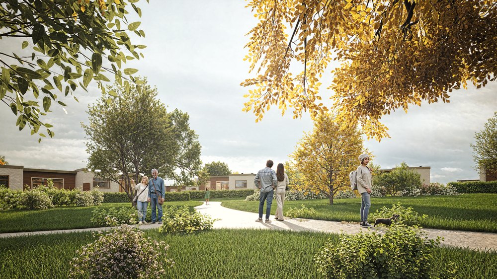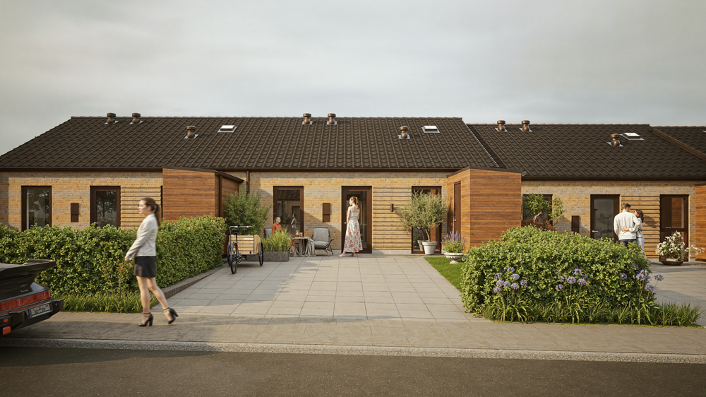 I den første etape opføres 36 rækkehuse sammen med et fælleshus, som bliver hjertet i området – et sted til både fællesskab og stille stunder.
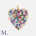 A Gem-Set Locket Pendant in yellow gold the heart shaped form set with various gemstones and diamonds. Unmarked, tests indicate 14 carat gold.
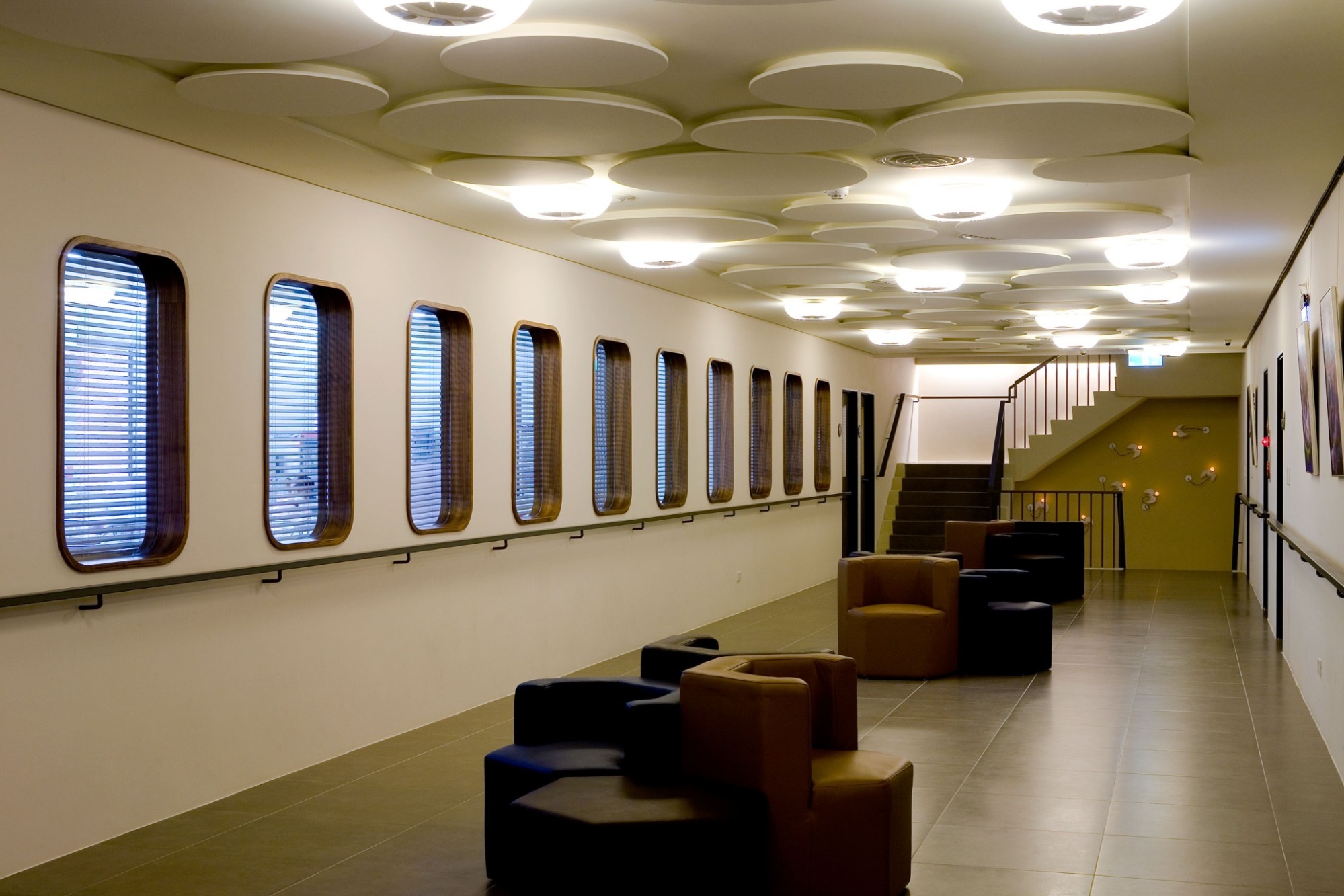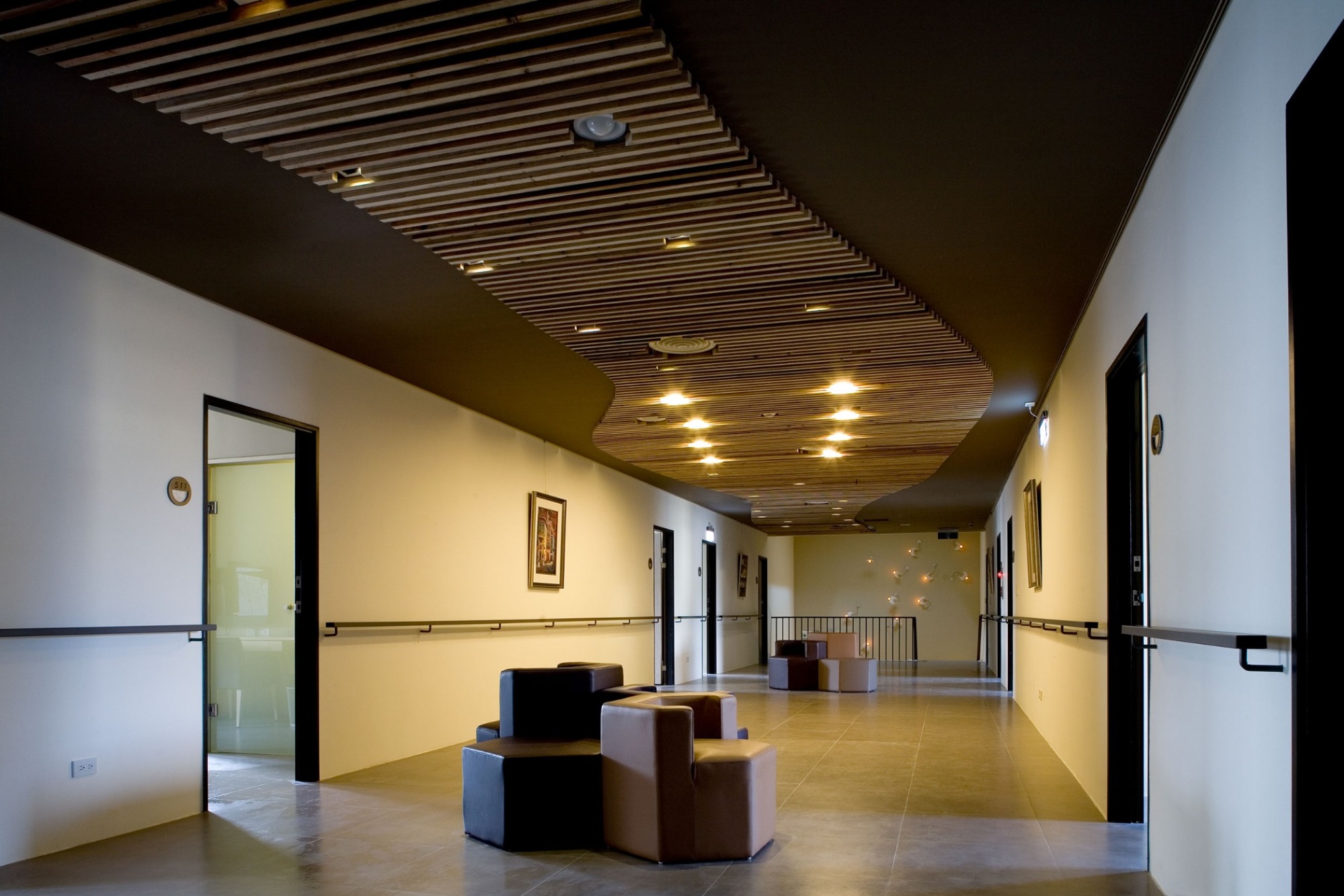 各層樓空間以廊道為中心舞台,融合各種素材主題設定,造型色彩層次豐富,運用多元的空間語彙在各個區域裡建構出生動且舒適的休憩空間。棕灰色耐磨地坪,與點點星綴的燈源、富有律動感的木條造型天花板以及幾何沙發組合出高低大小不一的大小區塊,堆疊出走道的豐富性。在沉穩基調之下的趣味裝置為空間添增活力,好似小生命跳躍的脈搏律動著,令人體驗空間的豐富性之際,一同感受迎接寶寶誕生的歡愉喜悅。
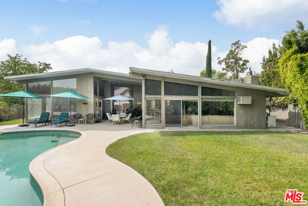 Offer deadline April 23rd at 5pm. First Open House Saturday April 4th 2pm-5pm. Mid-century residence on a nearly 10,000 SF flat lot in Brentwood, offering 4 bedrooms, 2.5 bathrooms, plus an office and den. Marked by great ceiling height, expansive windows, and abundant natural light, the home retains the warmth and character of its original design while providing a well-balanced layout for everyday living. The main living spaces open seamlessly to the backyard, where ample yard space, a pool, and multiple seating and dining areas create an ideal setting for both family living and entertaining. The generous scale of the outdoor areas, including a spacious side yard, offers rare flexibility to expand, enhance, or reimagine over time.Complete with a 2-car garage, this is a rare opportunity for a family to thoughtfully update and personalize a home with volume, character, and exceptional outdoor space in one of Brentwood's most desirable settings.
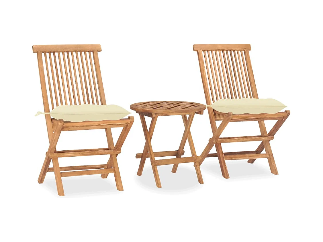 3-tlg. Garten-Essgruppe,Gartensitzgruppe mit Kissen Klappbar Massivholz Teak -gkd55566
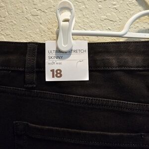 Lane Bryant Womens 18 High Rise Skinny Jeans Black Distressed Flex Magic Waist‎
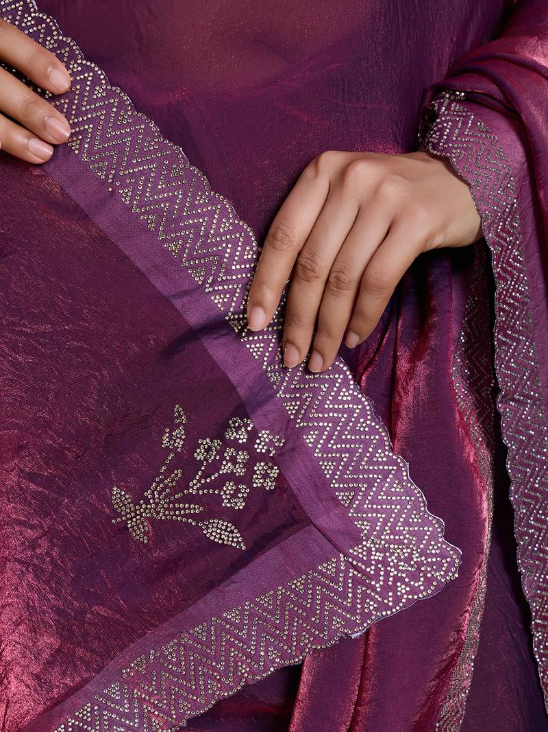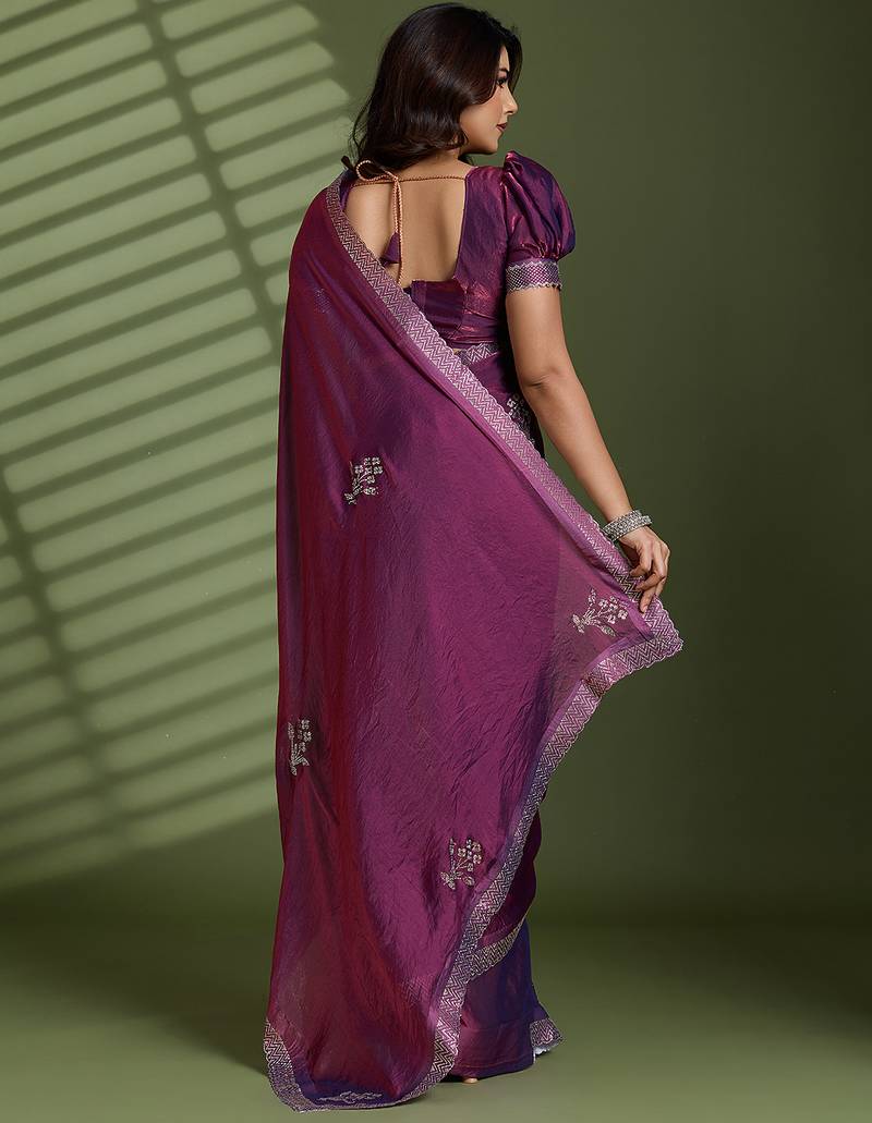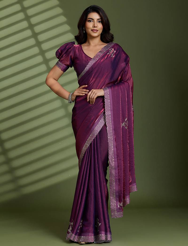| Product Name | Wine Silk Satin Embellished Saree With Unstitched Blouse Piece | |
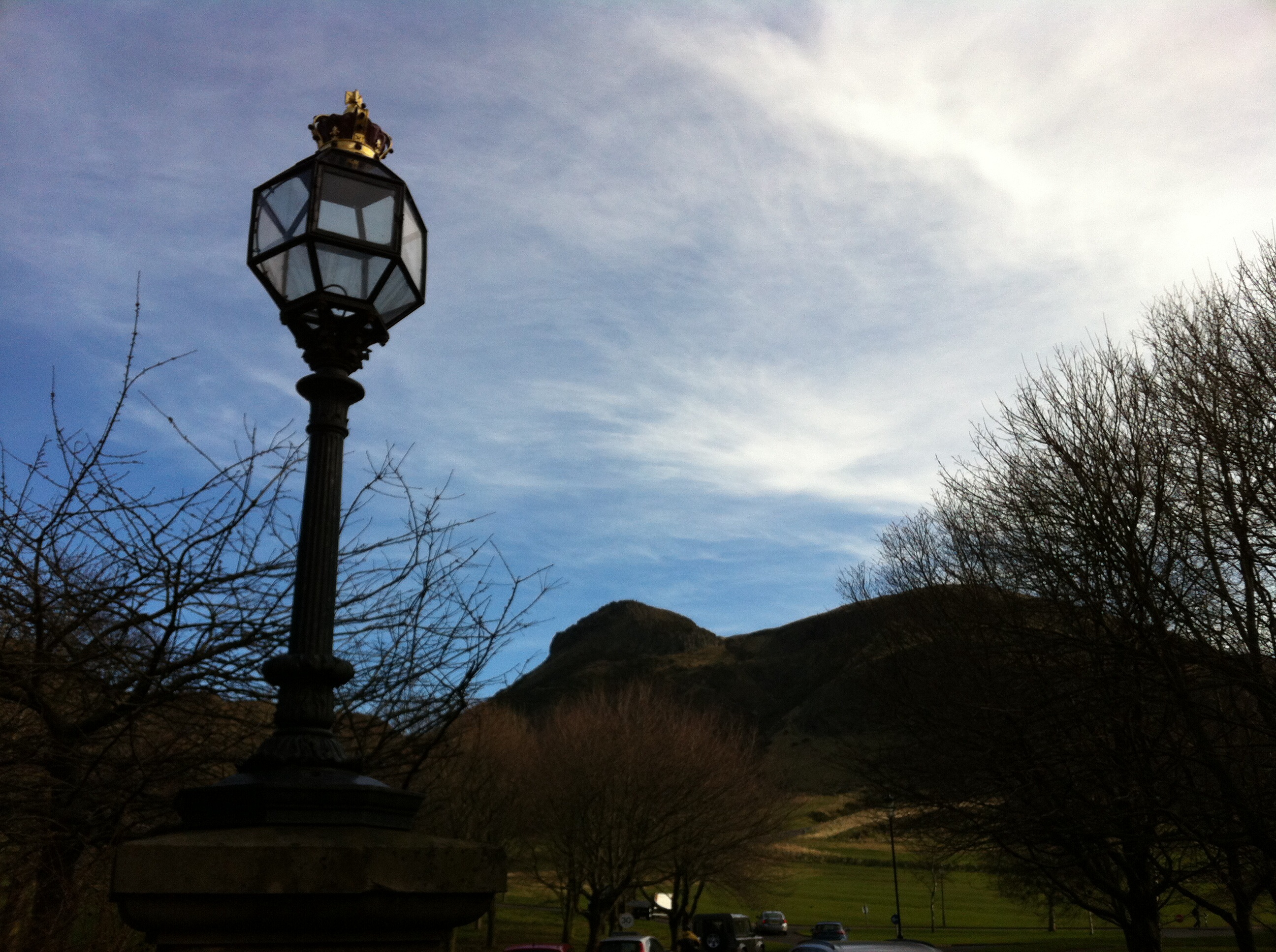 Pam takes the opportunity to duck into the corner supermarket as our friendly guide helps me find an optimal route to Holyrood Park on the tourist map.
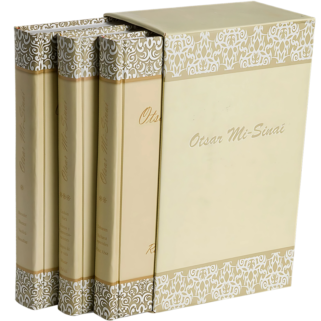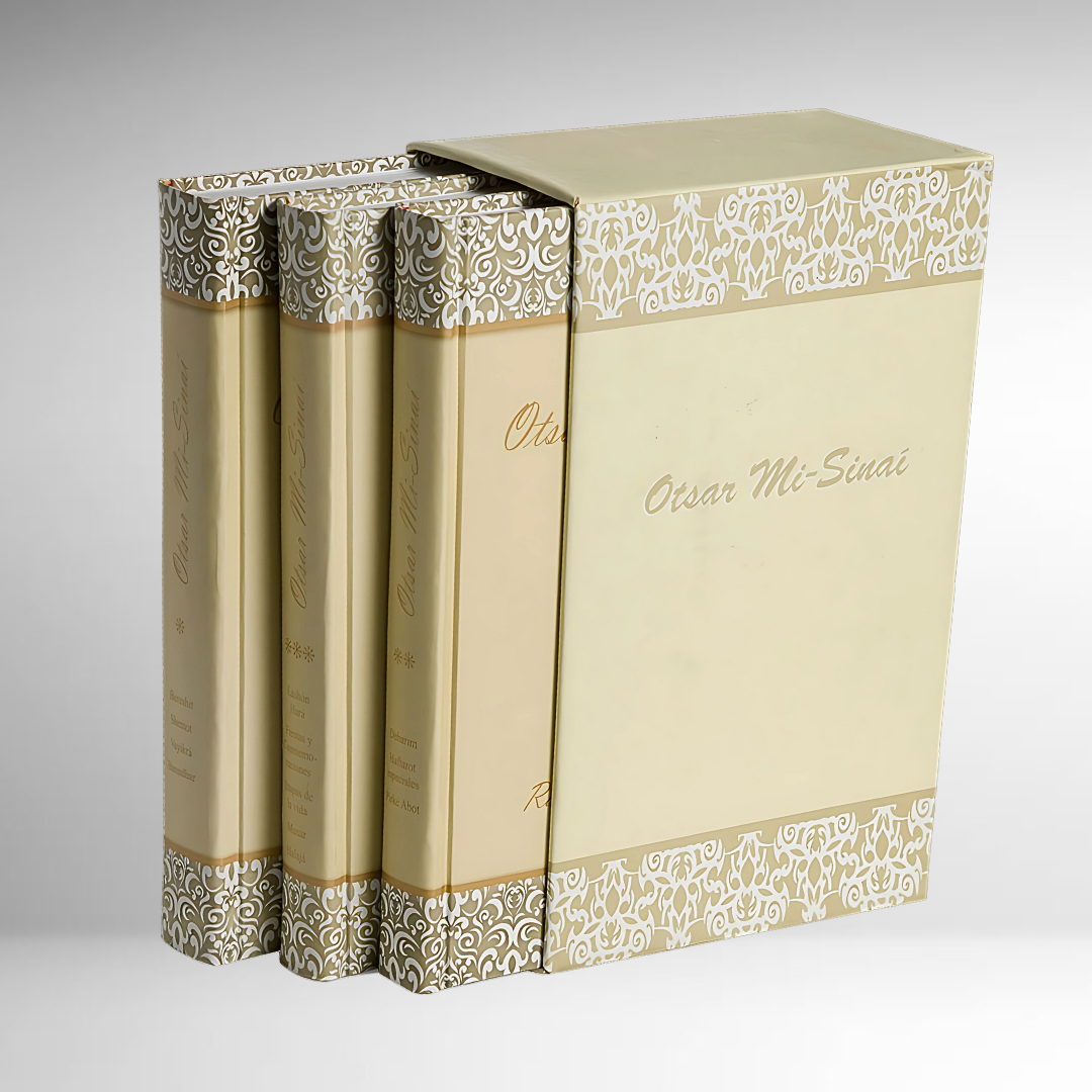 En Otsar Mi Sinai, los lectores encontrarán una guía completa para el estudio semanal de la Torá y las festividades judías, dividida en tres volúmenes:
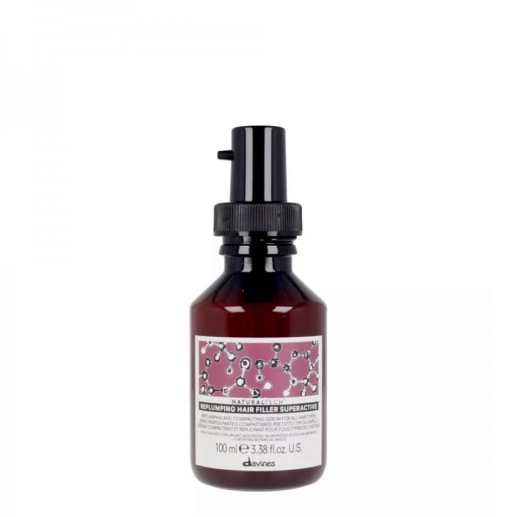 Davines Naturaltech Replumping Hair Filler Superactive é um leave-in de forte efeito cosmético. Este tratamento sem enxaguar compacta, tonifica e preenche a estrutura dos cabelos. Sem sulfatos nem parabenos. Permite que o styling se prolongue no tempo com
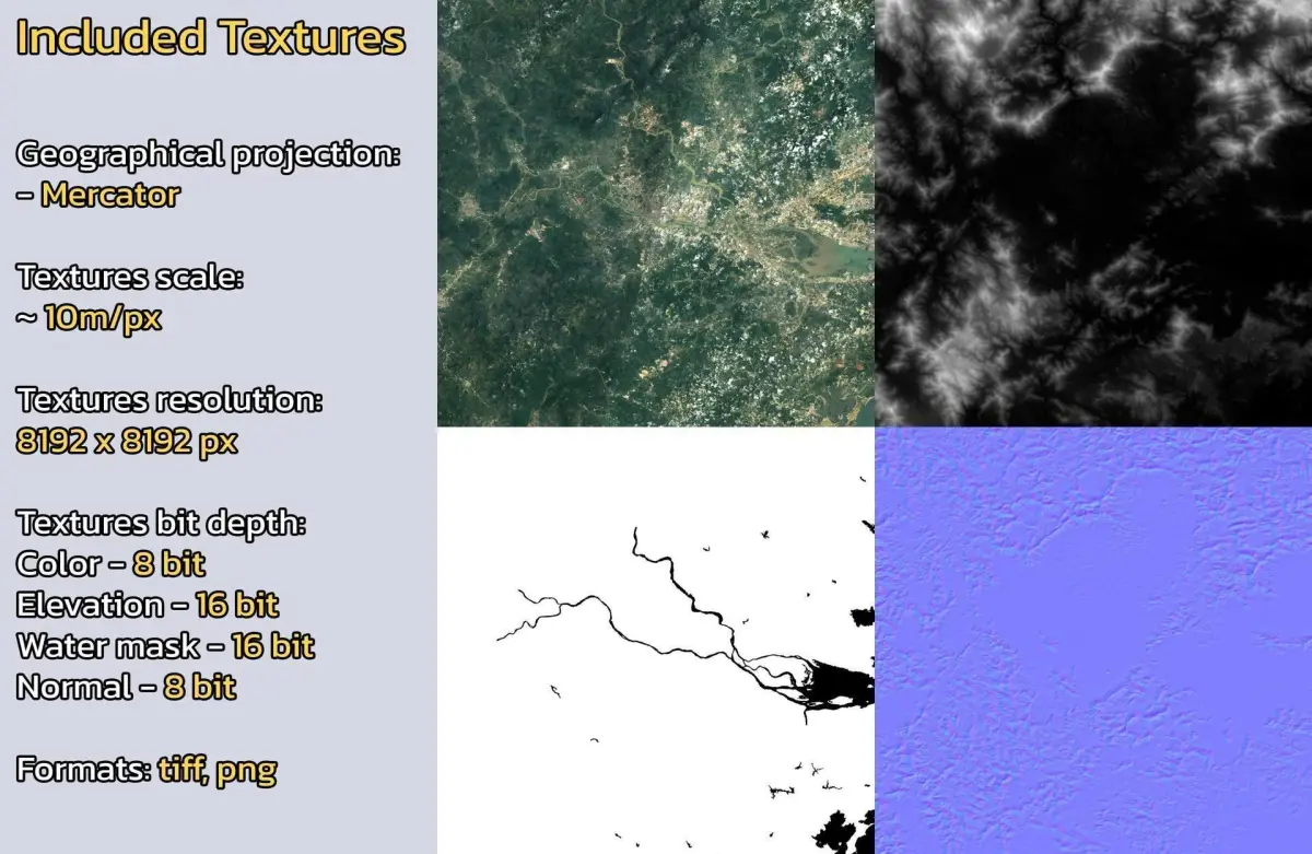 - Textures resolution: ~10m/px

****************

DESCRIPTION OF THE TASK: From the first line to the last, repeat the records exactly and skip the pictures.

ANSWER FOR THE TASK:
 I den første etape opføres 36 rækkehuse sammen med et fælleshus, som bliver hjertet i området – et sted til både fællesskab og stille stunder.
 A Gem-Set Locket Pendant in yellow gold the heart shaped form set with various gemstones and diamonds. Unmarked, tests indicate 14 carat gold.
 各層樓空間以廊道為中心舞台,融合各種素材主題設定,造型色彩層次豐富,運用多元的空間語彙在各個區域裡建構出生動且舒適的休憩空間。棕灰色耐磨地坪,與點點星綴的燈源、富有律動感的木條造型天花板以及幾何沙發組合出高低大小不一的大小區塊,堆疊出走道的豐富性。在沉穩基調之下的趣味裝置為空間添增活力,好似小生命跳躍的脈搏律動著,令人體驗空間的豐富性之際,一同感受迎接寶寶誕生的歡愉喜悅。
 Offer deadline April 23rd at 5pm. First Open House Saturday April 4th 2pm-5pm. Mid-century residence on a nearly 10,000 SF flat lot in Brentwood, offering 4 bedrooms, 2.5 bathrooms, plus an office and den. Marked by great ceiling height, expansive windows, and abundant natural light, the home retains the warmth and character of its original design while providing a well-balanced layout for everyday living. The main living spaces open seamlessly to the backyard, where ample yard space, a pool, and multiple seating and dining areas create an ideal setting for both family living and entertaining. The generous scale of the outdoor areas, including a spacious side yard, offers rare flexibility to expand, enhance, or reimagine over time.Complete with a 2-car garage, this is a rare opportunity for a family to thoughtfully update and personalize a home with volume, character, and exceptional outdoor space in one of Brentwood's most desirable settings.
 3-tlg. Garten-Essgruppe,Gartensitzgruppe mit Kissen Klappbar Massivholz Teak -gkd55566
 Lane Bryant Womens 18 High Rise Skinny Jeans Black Distressed Flex Magic Waist‎
| Product Name | Wine Silk Satin Embellished Saree With Unstitched Blouse Piece | |
 Pam takes the opportunity to duck into the corner supermarket as our friendly guide helps me find an optimal route to Holyrood Park on the tourist map.
 En Otsar Mi Sinai, los lectores encontrarán una guía completa para el estudio semanal de la Torá y las festividades judías, dividida en tres volúmenes:
 Davines Naturaltech Replumping Hair Filler Superactive é um leave-in de forte efeito cosmético. Este tratamento sem enxaguar compacta, tonifica e preenche a estrutura dos cabelos. Sem sulfatos nem parabenos. Permite que o styling se prolongue no tempo com
 - Textures resolution: ~10m/px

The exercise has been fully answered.